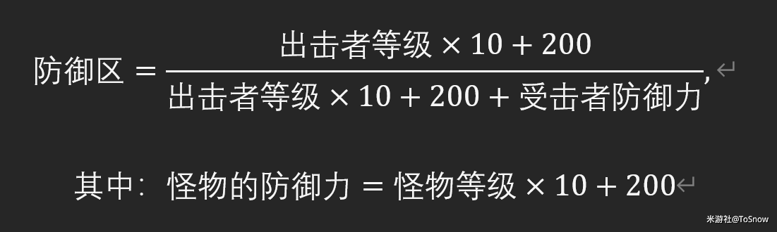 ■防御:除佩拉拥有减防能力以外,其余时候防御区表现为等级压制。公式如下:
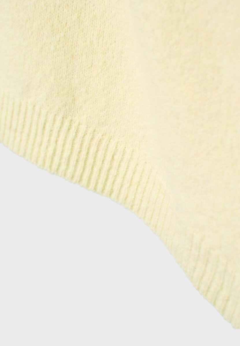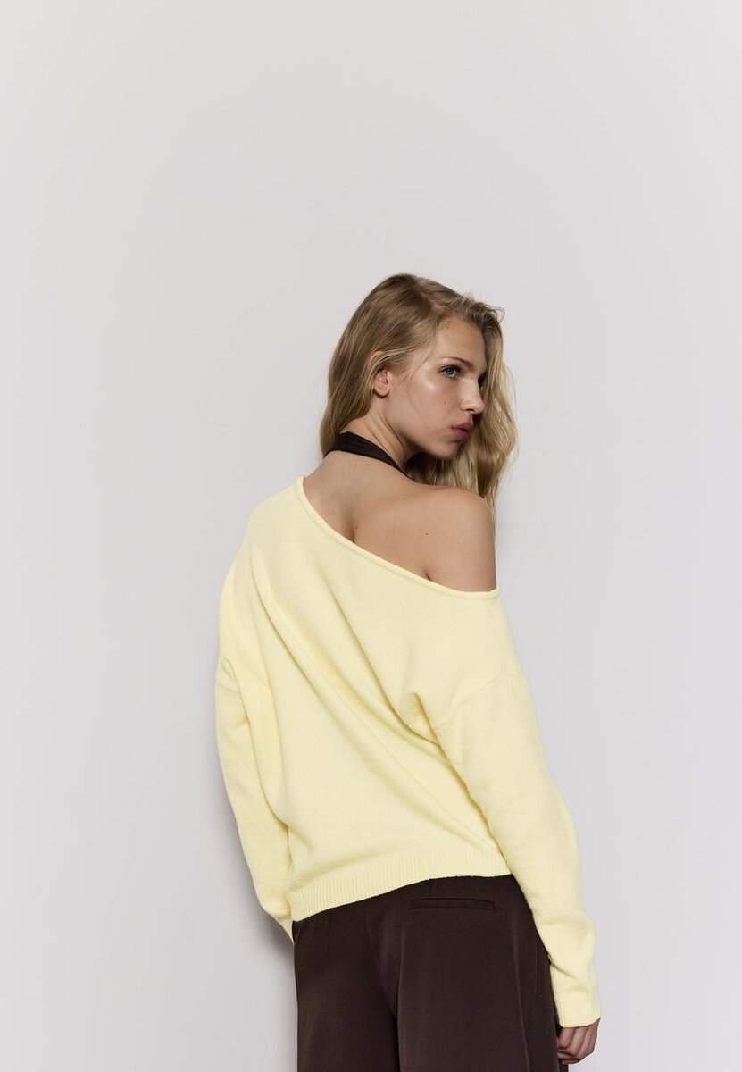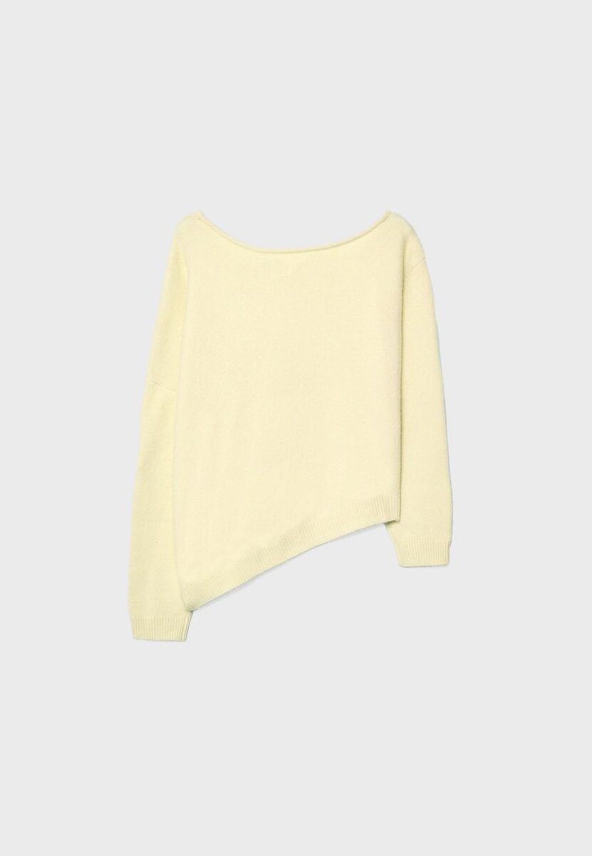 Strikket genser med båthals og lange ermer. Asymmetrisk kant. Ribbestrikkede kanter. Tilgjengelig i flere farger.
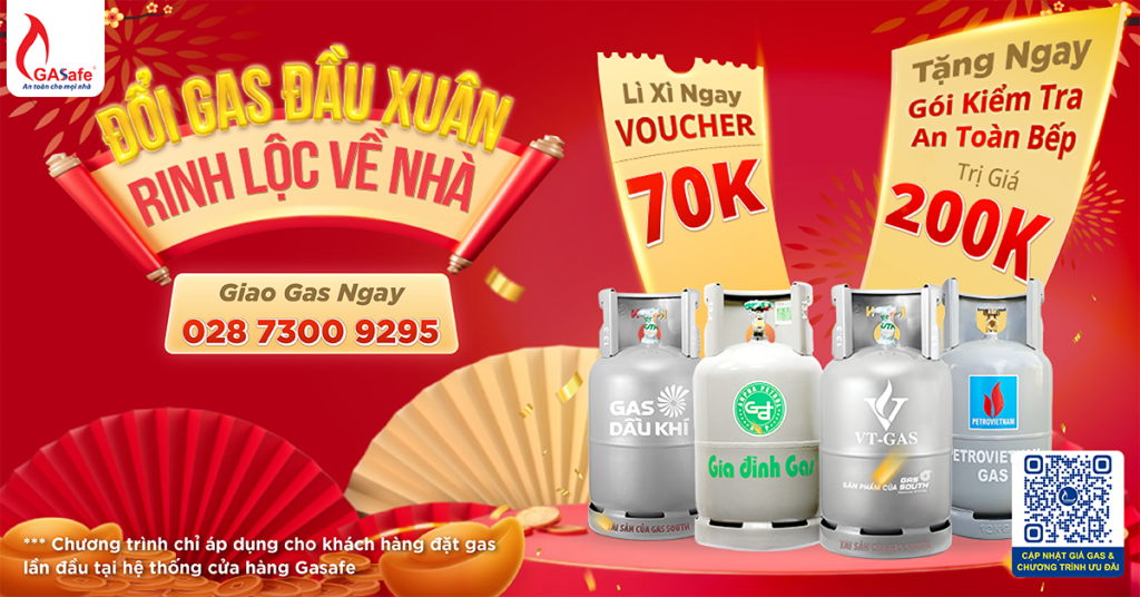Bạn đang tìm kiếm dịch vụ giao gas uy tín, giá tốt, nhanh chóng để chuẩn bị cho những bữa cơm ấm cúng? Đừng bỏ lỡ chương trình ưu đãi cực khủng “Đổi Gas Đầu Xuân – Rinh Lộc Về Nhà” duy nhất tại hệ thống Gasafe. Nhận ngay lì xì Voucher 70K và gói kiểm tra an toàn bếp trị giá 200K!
...
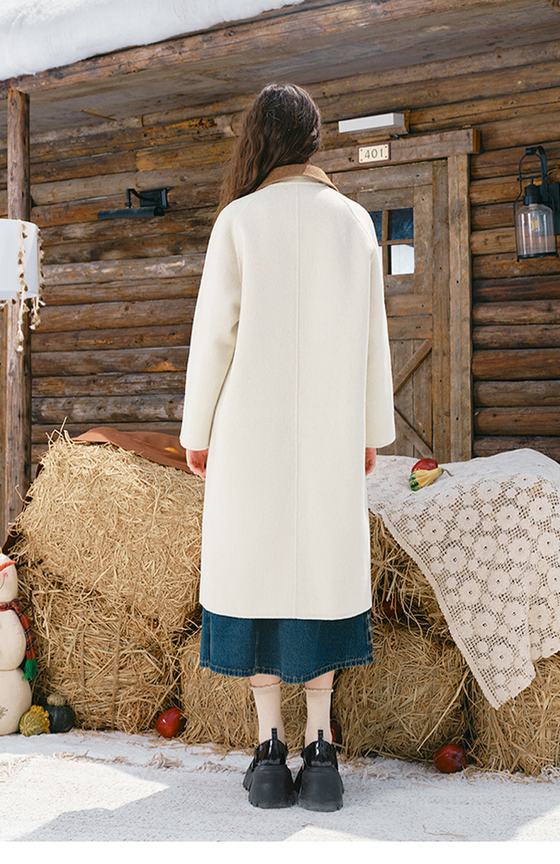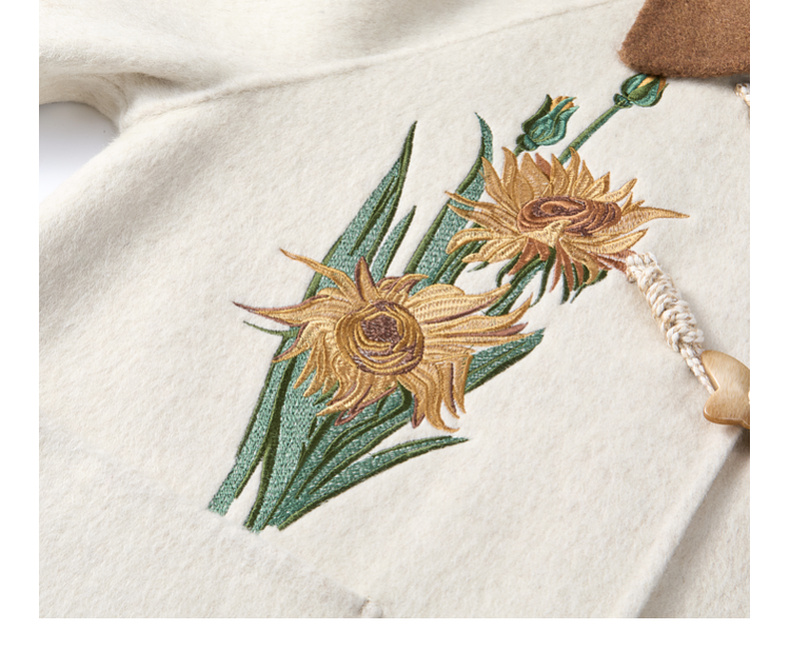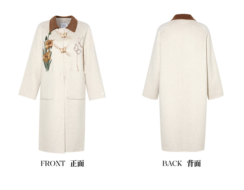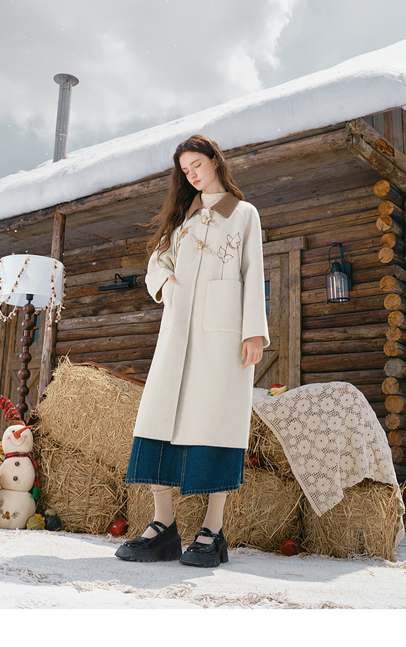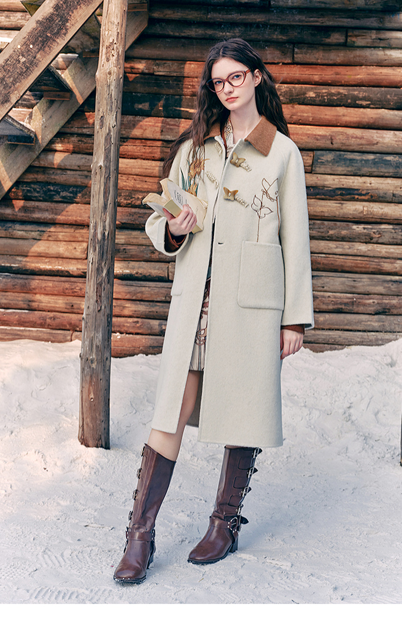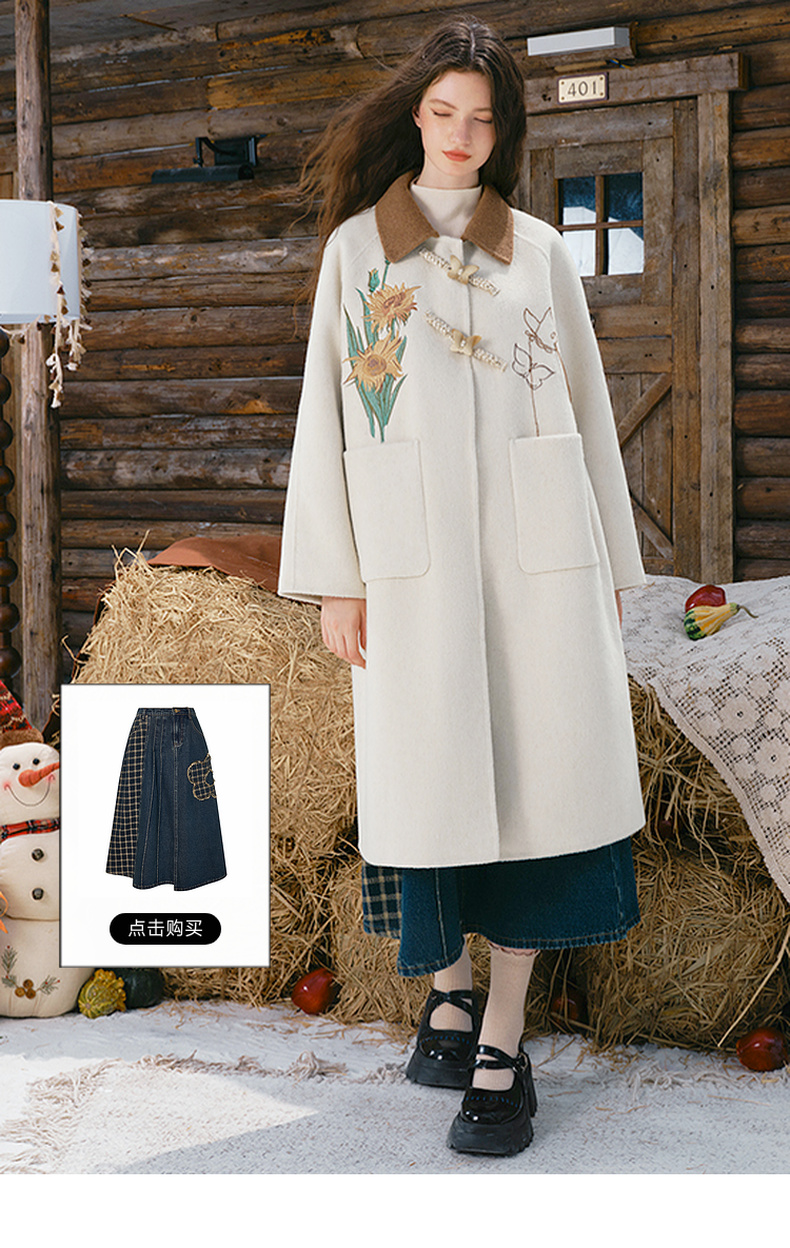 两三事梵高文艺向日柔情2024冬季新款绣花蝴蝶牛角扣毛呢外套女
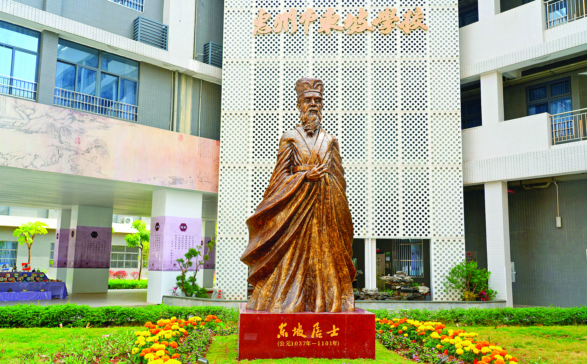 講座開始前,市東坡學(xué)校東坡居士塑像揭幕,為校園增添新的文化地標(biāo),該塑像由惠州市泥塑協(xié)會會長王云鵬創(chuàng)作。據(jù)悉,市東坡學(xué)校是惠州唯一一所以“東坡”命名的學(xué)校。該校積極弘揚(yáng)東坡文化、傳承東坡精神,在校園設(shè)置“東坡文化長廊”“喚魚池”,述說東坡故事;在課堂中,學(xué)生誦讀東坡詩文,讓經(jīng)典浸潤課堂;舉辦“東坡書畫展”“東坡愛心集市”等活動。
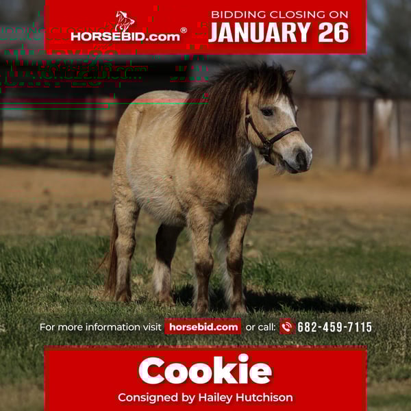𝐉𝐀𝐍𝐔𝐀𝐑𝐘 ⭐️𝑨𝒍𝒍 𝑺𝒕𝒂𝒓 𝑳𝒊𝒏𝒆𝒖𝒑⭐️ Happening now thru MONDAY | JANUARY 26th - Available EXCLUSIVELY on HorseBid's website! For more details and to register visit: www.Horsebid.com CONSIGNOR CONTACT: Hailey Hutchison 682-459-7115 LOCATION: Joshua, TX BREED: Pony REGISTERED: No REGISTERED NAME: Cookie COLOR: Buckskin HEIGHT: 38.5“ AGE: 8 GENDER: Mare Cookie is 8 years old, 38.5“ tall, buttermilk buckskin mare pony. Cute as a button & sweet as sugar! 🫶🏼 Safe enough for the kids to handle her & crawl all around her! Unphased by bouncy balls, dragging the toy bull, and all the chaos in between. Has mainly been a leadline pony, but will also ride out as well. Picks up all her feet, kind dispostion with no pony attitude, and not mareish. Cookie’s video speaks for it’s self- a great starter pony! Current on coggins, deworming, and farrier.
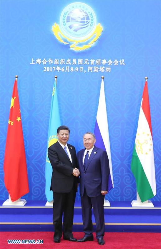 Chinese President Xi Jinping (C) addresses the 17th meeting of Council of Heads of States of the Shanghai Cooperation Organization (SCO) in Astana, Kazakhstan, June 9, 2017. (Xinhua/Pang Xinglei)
...
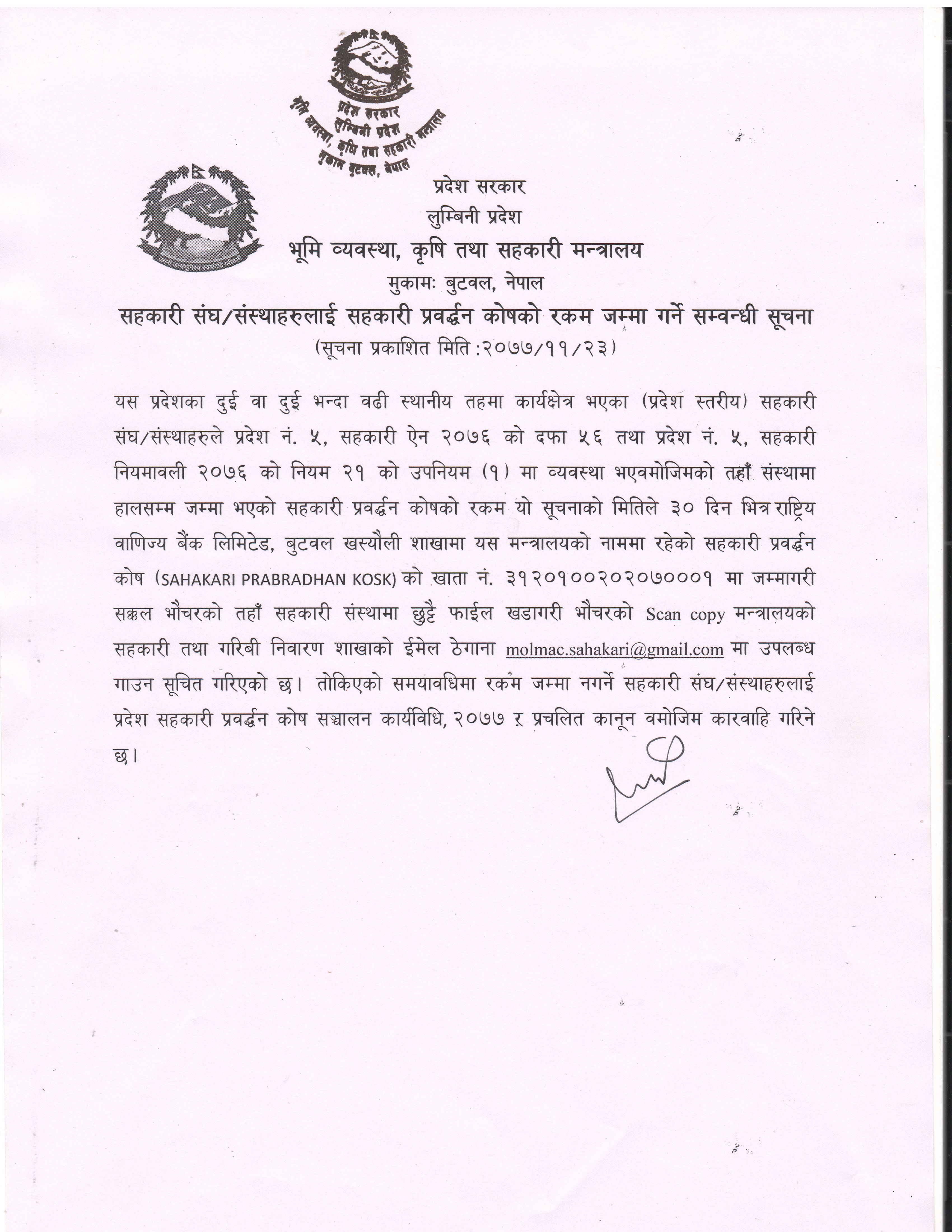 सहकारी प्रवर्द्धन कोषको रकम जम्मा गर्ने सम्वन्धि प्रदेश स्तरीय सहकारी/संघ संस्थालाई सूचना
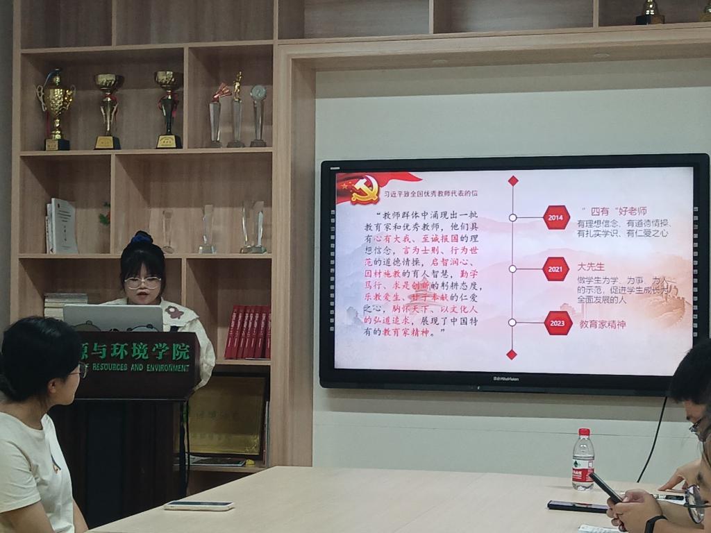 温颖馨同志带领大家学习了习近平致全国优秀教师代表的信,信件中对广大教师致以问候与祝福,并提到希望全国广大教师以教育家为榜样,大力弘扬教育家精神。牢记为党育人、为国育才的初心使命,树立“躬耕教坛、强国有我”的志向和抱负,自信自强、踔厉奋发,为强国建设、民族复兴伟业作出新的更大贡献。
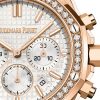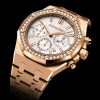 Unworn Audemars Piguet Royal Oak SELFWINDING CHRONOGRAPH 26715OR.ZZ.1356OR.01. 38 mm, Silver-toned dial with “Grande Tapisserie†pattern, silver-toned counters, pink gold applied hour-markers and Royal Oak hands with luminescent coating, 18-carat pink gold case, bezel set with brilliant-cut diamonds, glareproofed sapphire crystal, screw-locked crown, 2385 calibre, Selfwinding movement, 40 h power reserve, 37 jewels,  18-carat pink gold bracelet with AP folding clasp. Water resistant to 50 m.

**Problem requirements:**
Working from the entries above, reproduce exactly and only the lines beginning with the line that has "सहकारी प्रवर्द्धन कोषको" and ending with the line that has "Unworn Audemars Piguet"; omit all pictures.

**Task solution:**
 सहकारी प्रवर्द्धन कोषको रकम जम्मा गर्ने सम्वन्धि प्रदेश स्तरीय सहकारी/संघ संस्थालाई सूचना
 温颖馨同志带领大家学习了习近平致全国优秀教师代表的信,信件中对广大教师致以问候与祝福,并提到希望全国广大教师以教育家为榜样,大力弘扬教育家精神。牢记为党育人、为国育才的初心使命,树立“躬耕教坛、强国有我”的志向和抱负,自信自强、踔厉奋发,为强国建设、民族复兴伟业作出新的更大贡献。
 Unworn Audemars Piguet Royal Oak SELFWINDING CHRONOGRAPH 26715OR.ZZ.1356OR.01. 38 mm, Silver-toned dial with “Grande Tapisserie†pattern, silver-toned counters, pink gold applied hour-markers and Royal Oak hands with luminescent coating, 18-carat pink gold case, bezel set with brilliant-cut diamonds, glareproofed sapphire crystal, screw-locked crown, 2385 calibre, Selfwinding movement, 40 h power reserve, 37 jewels,  18-carat pink gold bracelet with AP folding clasp. Water resistant to 50 m.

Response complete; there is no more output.